Add a return type hint to _make_run.

Please annotate the helper return type so all functions in this module are fully typed.

🔧 Suggested fix

-def _make_run():
+def _make_run() -> Any:
     return make_benchmark_run(
         model_names=["test-model"],
         endpoint_type=EndpointType.COMPLETIONS,
         streaming=False,
         accuracy={"benchmark": AccuracyBenchmarkType.HELLASWAG},
     )

As per coding guidelines: `**/*.py`: “Type hints on ALL functions (params and return)”.

🤖 Prompt for AI Agents

Verify each finding against current code.
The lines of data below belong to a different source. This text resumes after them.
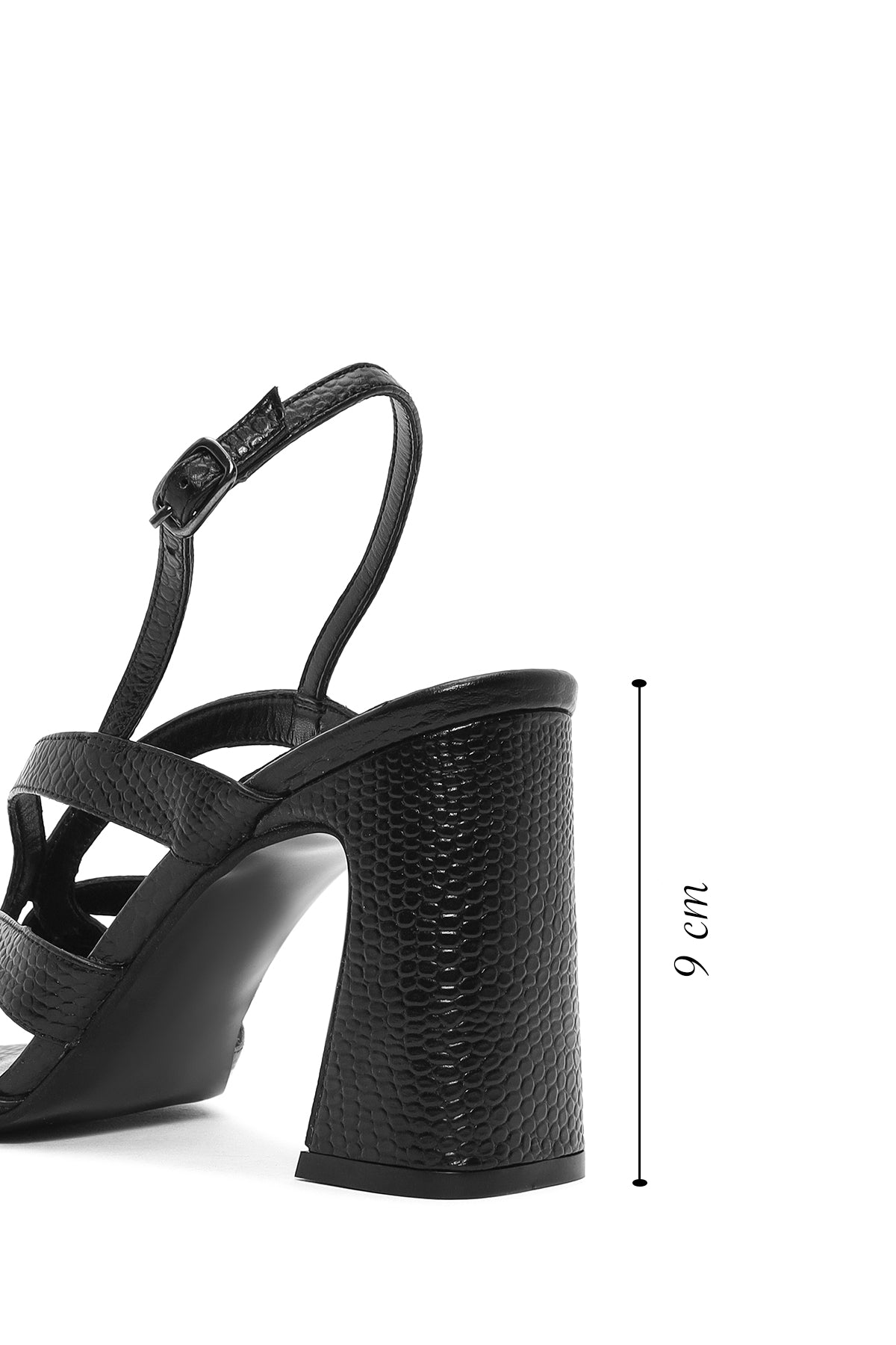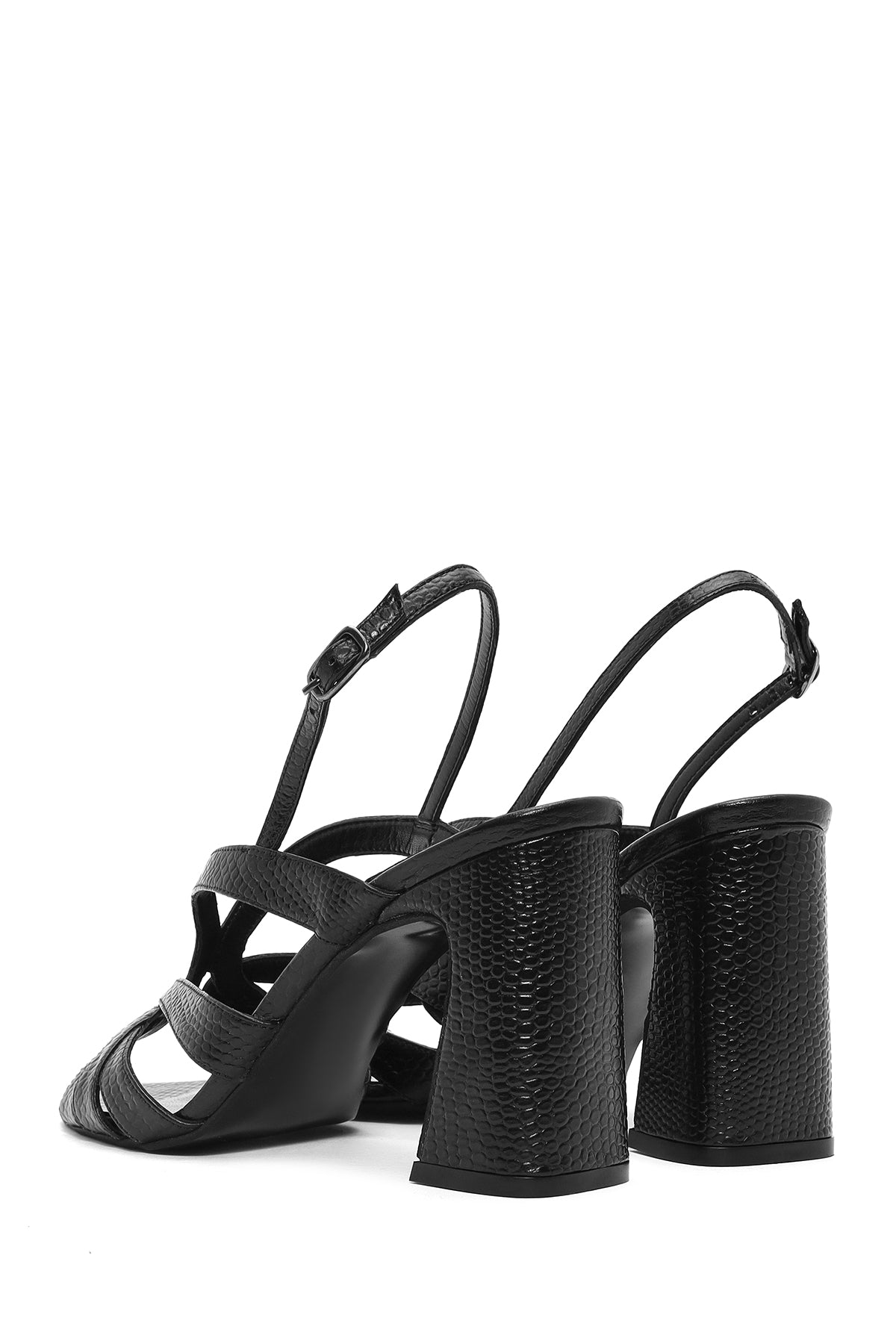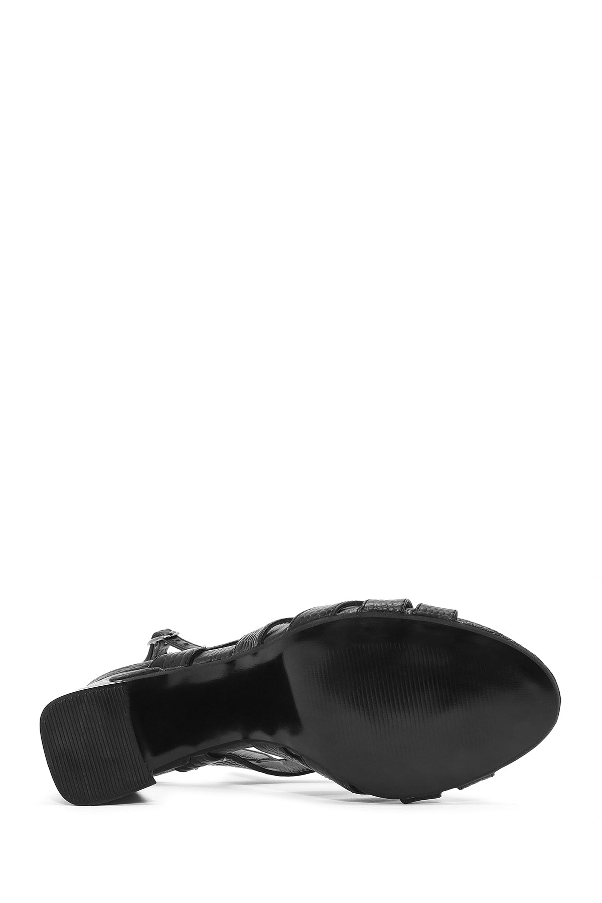 Kadın Siyah Bilekten Tokalı Desenli Kalın Topuklu Deri Sandalet
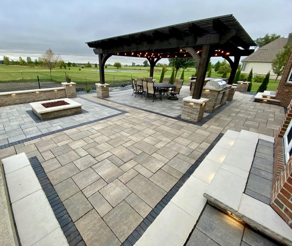 This thoughtfully arranged patio features distinct zones, with a built-in grill and counter space framed by a wooden pergola that adds structure without heaviness. The interplay of light and dark stone pavers creates layered areas that separate cooking, dining, and lounging spaces—an approach favored for large backyard projects. The cohesive design adds depth and sophistication, perfect for homeowners who enjoy entertaining but want a practical, low-maintenance setup. It’s a smart way to transform a simple concrete slab into a multifunctional outdoor haven.
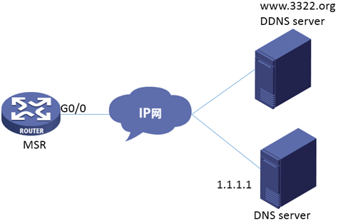 #在MSR路由器公网(拨号口)接口下指定应用DDNS策略3322.org,更新域名whatever.3322.org与接口主IP地址的对应关系,并启动DDNS更新功能
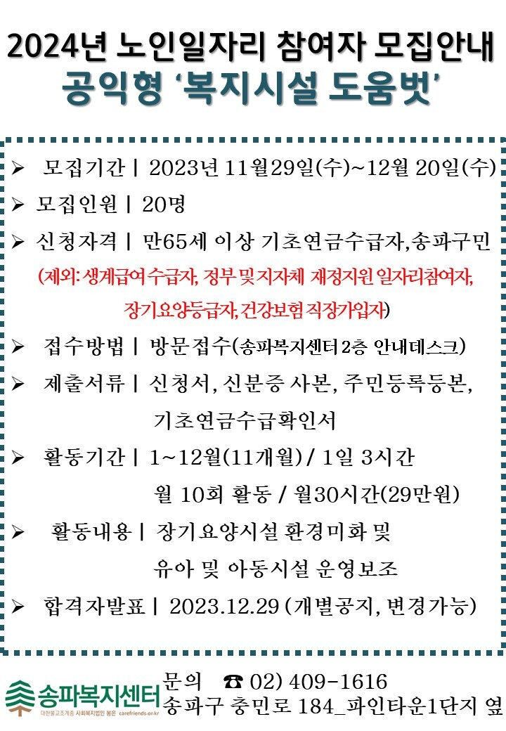 2024년 공익형 노인일자리 복지시설 도움벗 참여자 모집
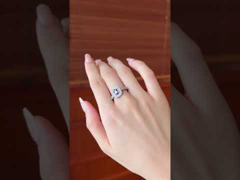Ruby RingVendor: OvalThis elegant ring centers around a vivid oval-cut ruby that radiates with a deep, saturated pinkish-red hue. Surrounded by a geometric halo of round white diamonds arranged in striking triangular and pave-set sections, the design creates a bold interplay of structure and sparkle. The...
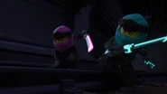 The Teal Ninja was among the other New Ninja to ambush the disguised Kai, Jay, Cole and Lloyd, when they attempt to steal Aspheera's staff. He then ends up disabling Zane's jet, resulting in him crashing into many buildings.
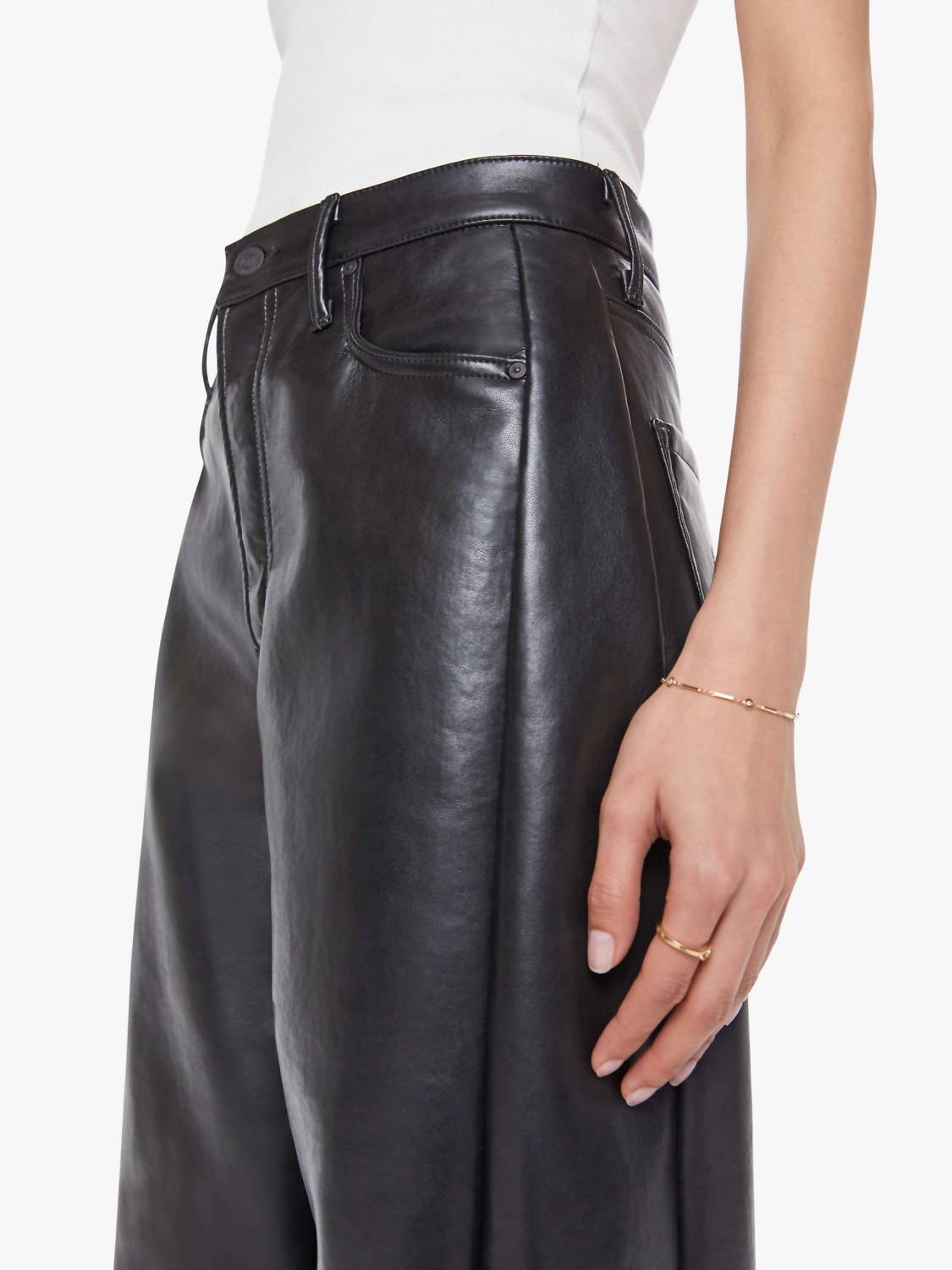 Meet the Half Pipe Flood High Waisted Pant by Mother, a chic streetwear piece designed for the modern woman. These super high-rise, wide-leg pants come in a relaxed fit with a flattering 12.5-inch rise and a 28.25-inch inseam. Crafted from a superior blend of 100% polyurethane-coated fabric with 60% recycled leather and 40% polyester backing, these black pants feature tonal hardware and a clean hem. Made in Los Angeles, they include practical pockets and a button closure, making them perfect for concerts or spring outfits. Care: Dry clean only. Model is 5'10" and wears size 26.

Fix only still-valid issues, skip the
rest with a brief reason, keep changes minimal, and validate.

In `@tests/unit/accuracy/test_hellaswag_benchmark.py` around lines 51 - 57, The
helper function _make_run lacks a return type annotation; add a precise return
type hint that matches the value returned by calling make_benchmark_run (e.g.,
the BenchmarkRun or equivalent type used across tests) so the signature reads
something like def _make_run() -> BenchmarkRun:, ensuring imports or forward
references for that type are added if necessary; reference _make_run,
make_benchmark_run, EndpointType and AccuracyBenchmarkType to locate the code.

🤖 Prompt for all review comments with AI agents

Verify each finding against current code. Fix only still-valid issues, skip the
rest with a brief reason, keep changes minimal, and validate.

Inline comments:
In `@src/aiperf/accuracy/benchmarks/hellaswag.py`:
- Line 262: Replace the non-ASCII multiplication glyph in the comment "loop is
O(val_rows + tasks) instead of O(tasks × val_rows)." by changing the `×`
character to an ASCII `x` (so it reads "O(tasks x val_rows)" or use `*` if
preferred), updating the comment in the same location in
src/aiperf/accuracy/benchmarks/hellaswag.py to satisfy Ruff RUF003.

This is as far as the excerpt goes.